Heavy rainfall risks in parts of the northern and central Plains and Midwest also introduce localised concerns about waterlogging and storm damage, but these are currently viewed as scattered rather than systemic threats to national yield potential. Overall, the weather narrative for now leans neutral‑to‑slightly supportive rather than strongly bullish, limiting the scope for another aggressive weather premium unless forecasts shift towards prolonged hot and dry conditions during pod‑setting.
Trading Outlook
- Producers (US/EU): With futures still close to recent seven‑week highs and rapeseed August 2027 above EUR 500/t, incremental forward selling of 2026/27 soy and rapeseed volumes appears reasonable, particularly where crush margins can be locked in via strong soyoil values.
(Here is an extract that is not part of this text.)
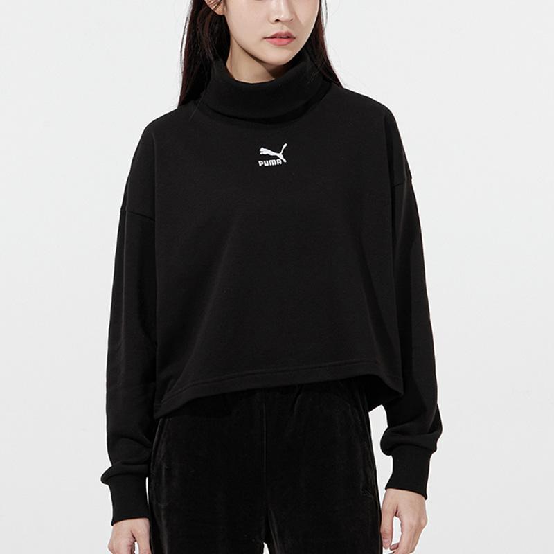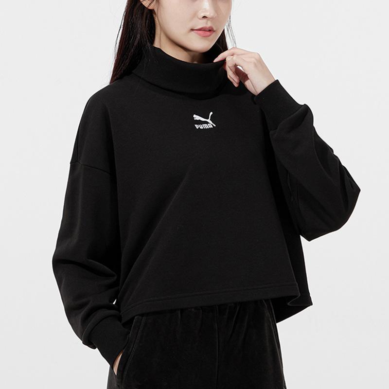 Puma Классический пуловер с вышитым логотипом и высоким воротом, женские топы, черный 534145-01
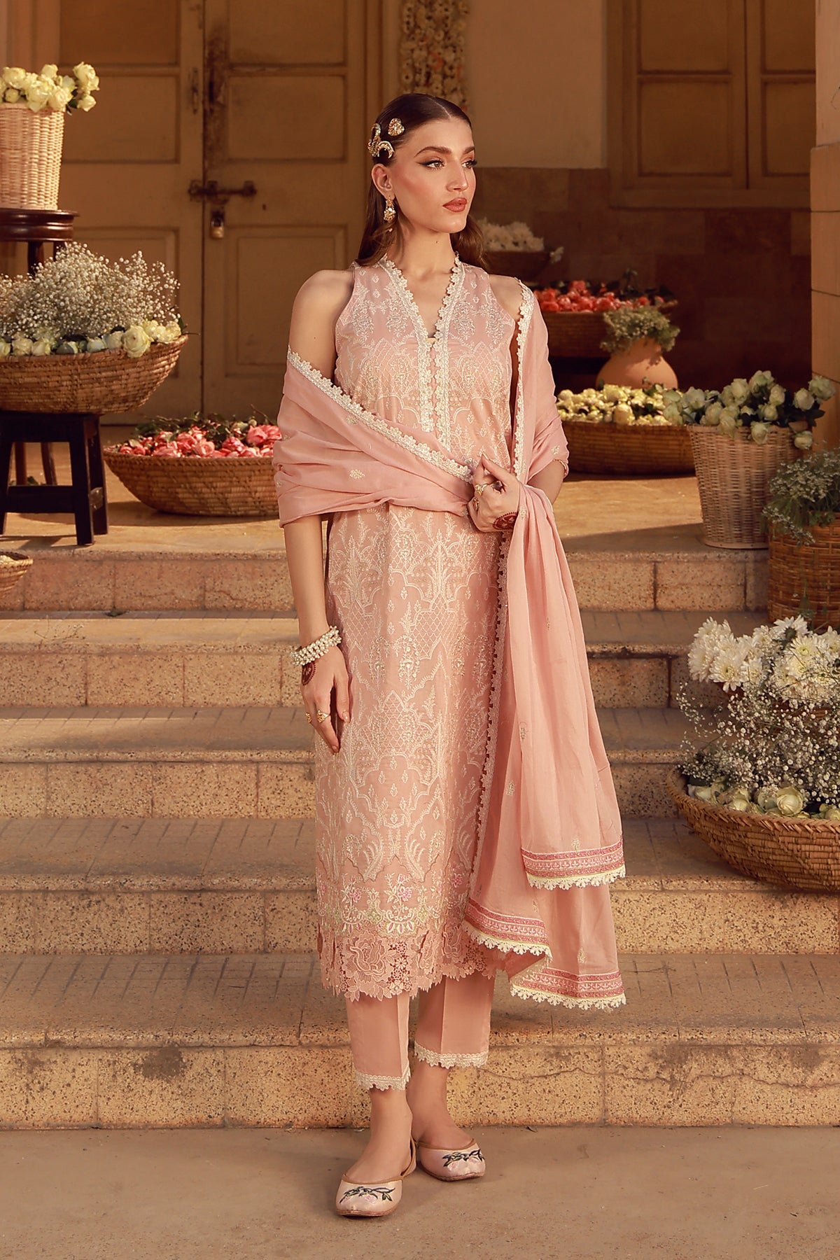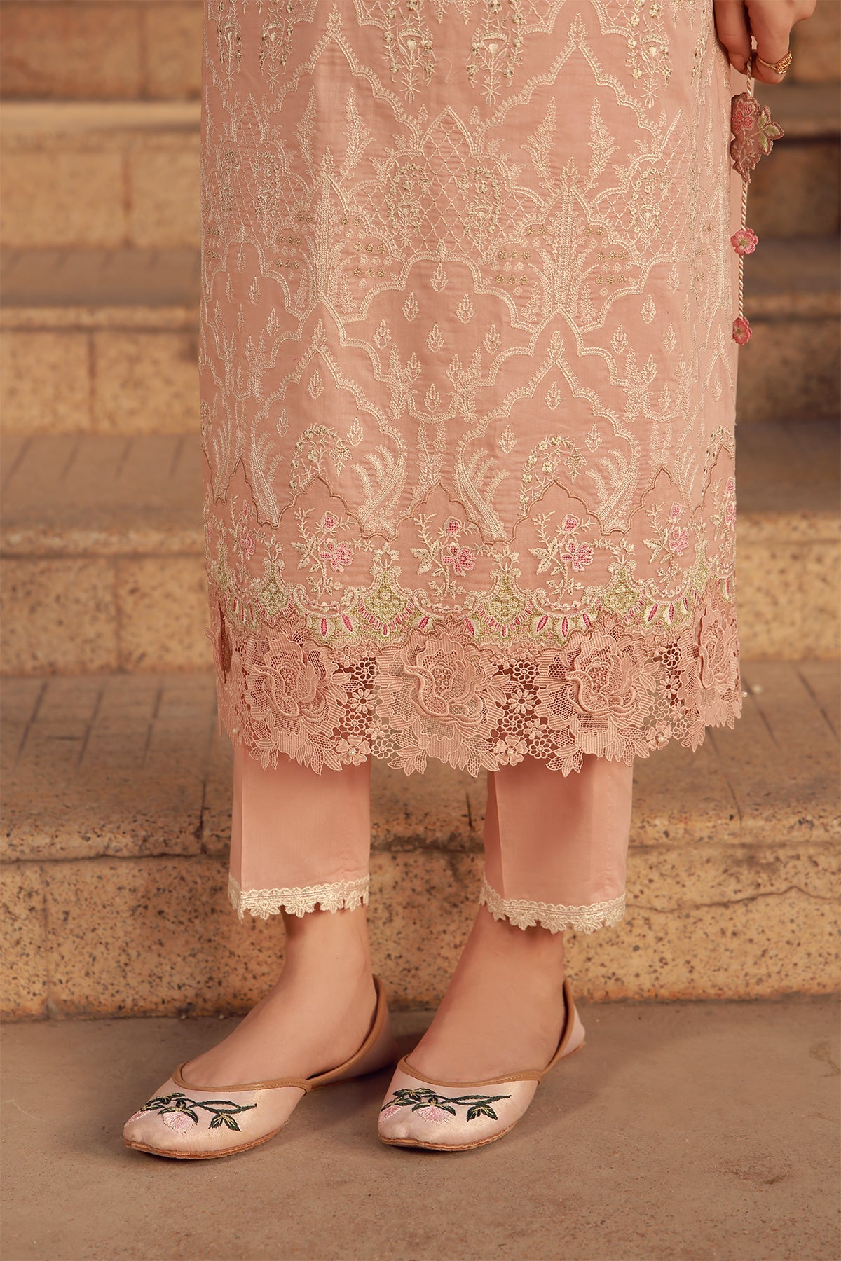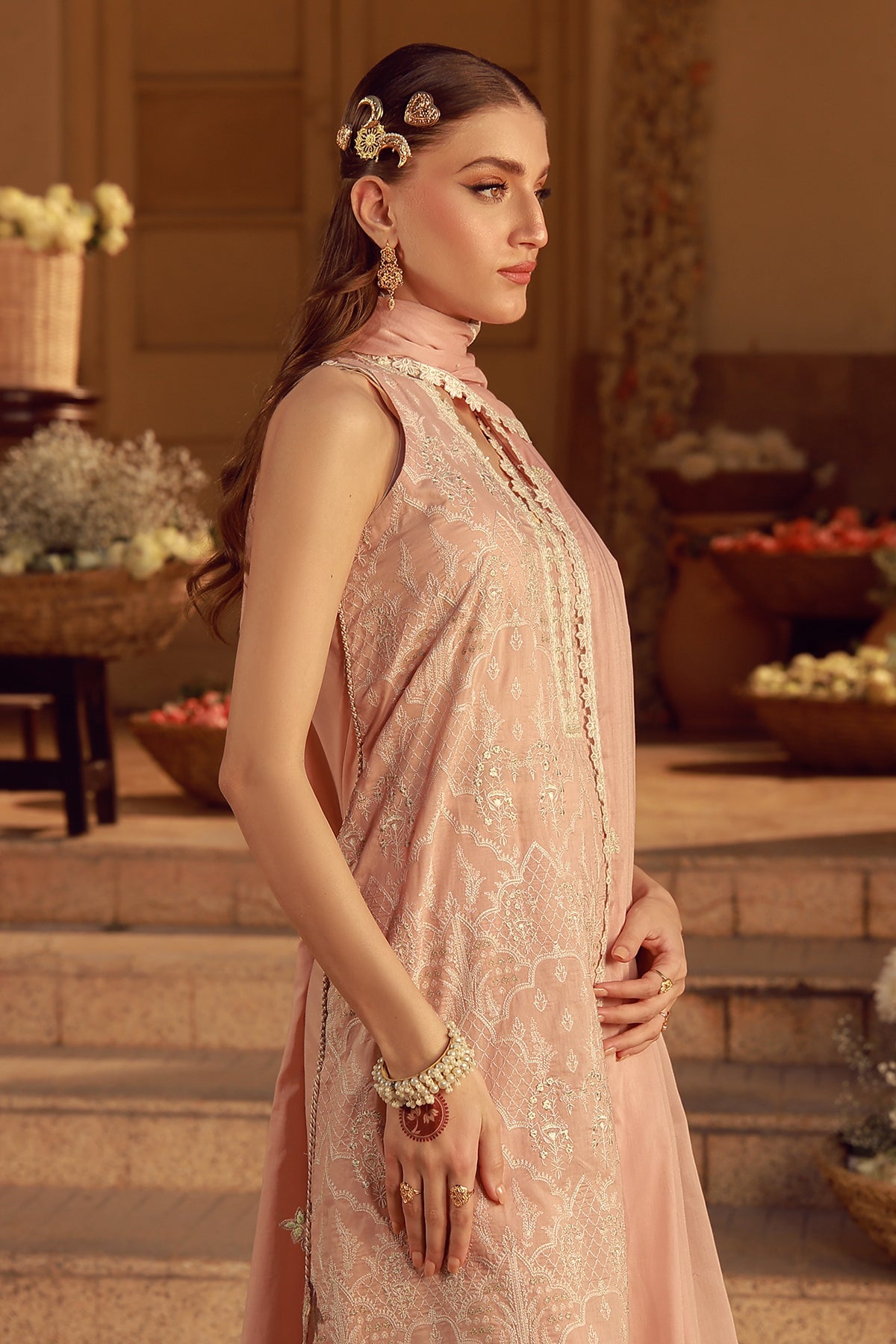 Exude timeless elegance in this soft blush pink ensemble, designed with delicate craftsmanship and fluid grace. The sleeveless silhouette is adorned with intricate tonal embroidery, creating a subtle yet luxurious texture throughout. A sheer, flowing dupatta edged with fine lace drapes effortlessly over the shoulders, adding movement and ethereal charm to the look. Perfect for festive evenings, intimate celebrations, or formal daytime occasions, this ensemble balances classic femininity with modern sophistication.

- Importers / Feed buyers: The easing of the weather premium and modest expected stock increases argue for a patient, scale‑down buying approach on breaks rather than aggressive coverage at current levels, especially as export demand from China remains active.
- Veg‑oil / energy‑linked players: Elevated geopolitical risk around Hormuz suggests maintaining some upside protection in soyoil and rapeseed oil, but recent speculative length reductions and high volatility argue for options‑based rather than large directional futures exposure.
3‑Day Directional Outlook (EUR-based)
- CBOT soybeans (EUR/t equivalent): Sideways to slightly softer as traders square positions into the WASDE; downside likely limited by strong export sales and firm vegoil complex.
- CBOT soymeal (EUR/t equivalent): Mild downward bias amid comfortable near‑term feed outlook, barring a sharp deterioration in US weather.
- CBOT soyoil & Euronext rapeseed (EUR/t): Upward‑tilted with high crude prices and Gulf tensions, but vulnerable to profit‑taking if geopolitical headlines stabilise.